Читать книгу Русский иероглиф. История жизни Инны Ли, рассказанная ею самой - Александр Архангельский, А.Н. Архангельский - Страница 3

Пролог

Оглавление

Мама моя, Елизавета Павловна Кишкина, происходила из семьи саратовского родовитого помещика и провела детство в имении Студёнка. Мой двоюродный дед Николай Михайлович Кишкин был членом Временного правительства, 25 октября 1917 года получил власть из рук Керенского в Петрограде, но всего лишь на сутки. А папа Ли Лунчжи, более известный под псевдонимом Ли Лисань, был выдающимся китайским коммунистом, до поры до времени соратником Мао Цзэдуна.
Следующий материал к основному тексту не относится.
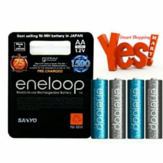 Welcome & shop at YesMart. Click "Follow" to stay up to date with price updates and new products from us. Sanyo Eneloop Glitter 4pc Battery AA Rechargeable Pack Size AA Packing contents 4 pcs/pack Recharge up to 1500 times Capacity 1900 mAh Depreciation is only 25% after storage in 3 years Important Before Ordering : * For shipping outside Java, you must use the fast * No warranty due to packing seal from factory * If there is damage due to the shipping process, we are not responsible because before sending it is physically checked & packed safely. * Buying Means Already Reading & Agreeing
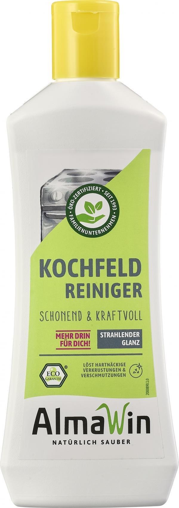 AlmaWin Kochfeld Reiniger reinigt und pflegt Glaskochfelder und Induktionsherde glänzend sauber ohne zu Kratzen.

Две родины, две крови, две культуры, две идеологии – не типичная, но и не редкая судьба в XX веке.

Выйдя замуж, мама прожила в Китае много лет, последние десятилетия безвыездно, а когда на излете перестройки приехала из Пекина в Москву, ее разыскал пожилой земляк по имени Гурий Иванович Макаркин и пригласил съездить в Студёнку, на малую родину.

– Там у меня двоюродная сестра живет, примут хорошо, покажут. Поехали!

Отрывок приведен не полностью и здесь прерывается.